Guidelines issued by the Ministry of Finance for disinvestment in CPSEs
Guidelines for disinvestment in Central Public Sector Enterprises (CPSEs) were issued by the Ministry of Finance.
These guidelines have been issued for the purpose of privatization, merger, closure or subsidiarisation of non-strategic CPSEs to implement the new PSU policy.
- The Department of Public Enterprises will identify CPSEs in non-strategic sectors for closure or privatization. Also, prepare a proposal for obtaining the approval of the Cabinet Committee on Economic Affairs.
- Once approved, the process of disinvestment or winding up of enterprises will be completed within seven months.
- Disinvestment usually refers to the sale or liquidation of an asset or its subsidiaries as a strategic measure or as a process of raising resources.
- Its main objectives are to reduce the financial burden on the government, enforce competition and market discipline, and encourage an expanded share of ownership.
Based on the percentage of stake sold, it is of three types:
- Minority disinvestment: Government holds a higher stake (more than 57%), and management remains in control.
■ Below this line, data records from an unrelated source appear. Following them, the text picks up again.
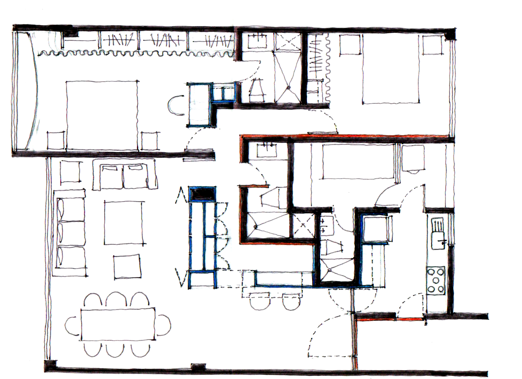 El diseño de interiores es a veces cuestión de remover lo que sobra y completar con sencillez. Este departamento es este caso, en el que se quitaron los tiroles y acabados existentes de muros para mostrar las texturas del block.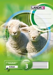 Landré Landre 100050090 zeszyt 16-kartkowy A4, w wąskie linie, numer rodzaju linii 3 (z marginesem), gramatura 80 g/m, cienki, bezdrzewny papier do pisania, zestaw 10 sztuk, 3 wzory okładek 100050090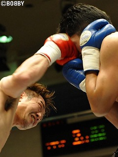 試合:両者23戦目のベテラン。ともに速い攻撃を仕掛け、どちらが先に自分の展開に持ち込めるかといった立ち上がり。ジャブで組み立て、体を振りながら中に入っていきたい柴田に、打ち終わりを狙って右クロスを放つ橋本。橋本が踏ん張ってボディ三連発を放てば、柴田はアッパー三連発と互いに譲らない展開が続く。脇をしっかりし めて固いガードで前へ前へ進み、こつこつとショートアッパーを突き上げるも、橋本にワンツーを打ち抜かれて決定打に欠ける。5Rに入り、3Rの偶バツでカットした橋本の左目上の傷が深く、二度目のDCで続行不可能と判断され負傷判定へ。ちなみに柴田は、小口のヅラがずれたことで有名になった試合の対戦相手。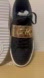 Elegant black sneakers with bold gold detailing. Perfect for casual wear.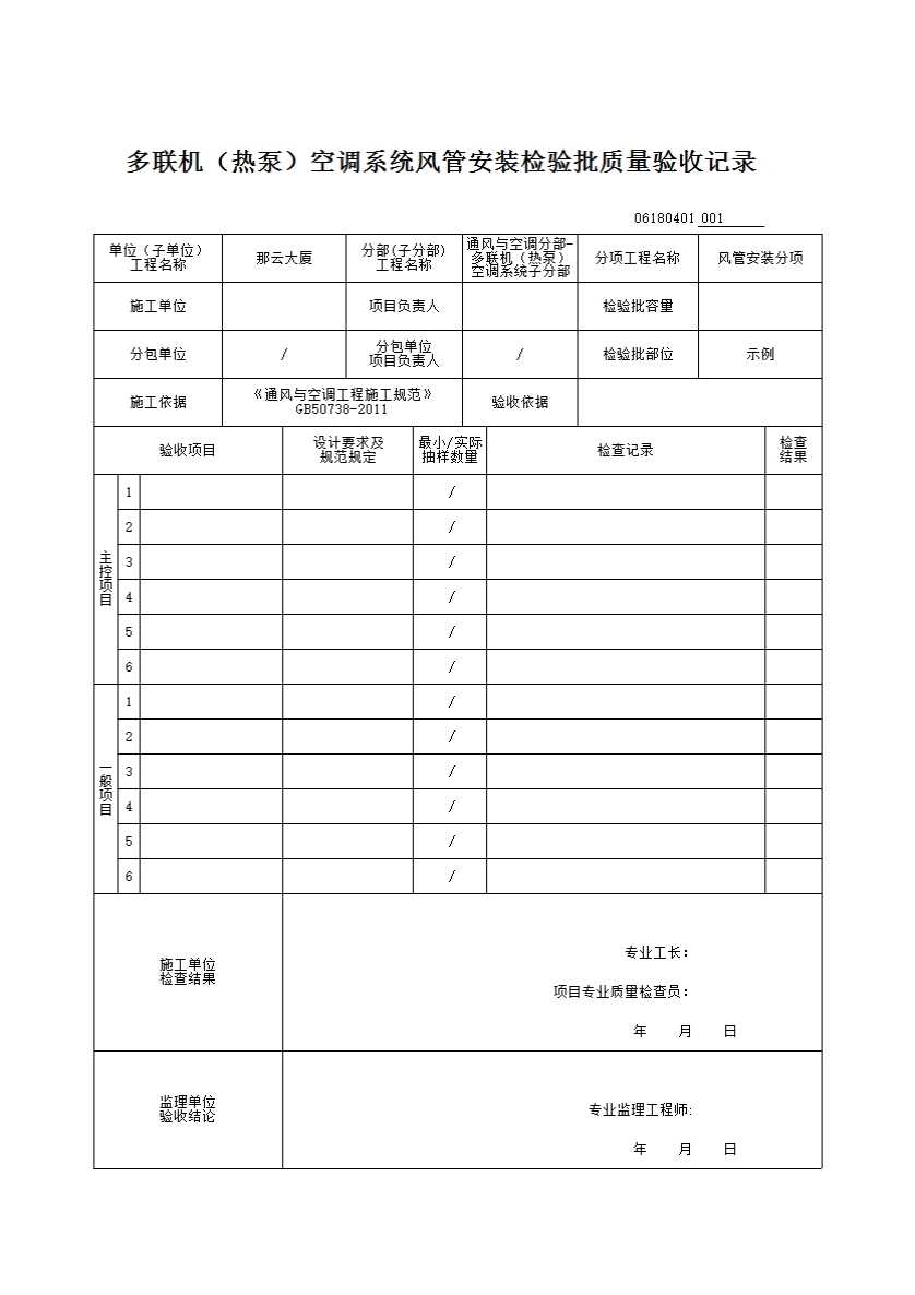 表格名称:06180401_多联机(热泵)空调系统风管安装检验批质量验收记录

For example- ONGC Ltd.
- Strategic disinvestment: Sale of 50% or more of the government shareholding along with transfer of management control. For example- Planned sale of BPCL.
- Full Disinvestment: Disinvestment of a higher stake too, where 100% control of the company is passed on to the buyer. Like the recent sale of Air India.
New Public Sector Enterprises (PSE) Policy
Notified in February 2021 for a self-reliant India, the new policy has classified CPSEs into strategic and non-strategic sectors. It has exempted certain CPSEs which are of non-profit nature or support vulnerable and weaker sections.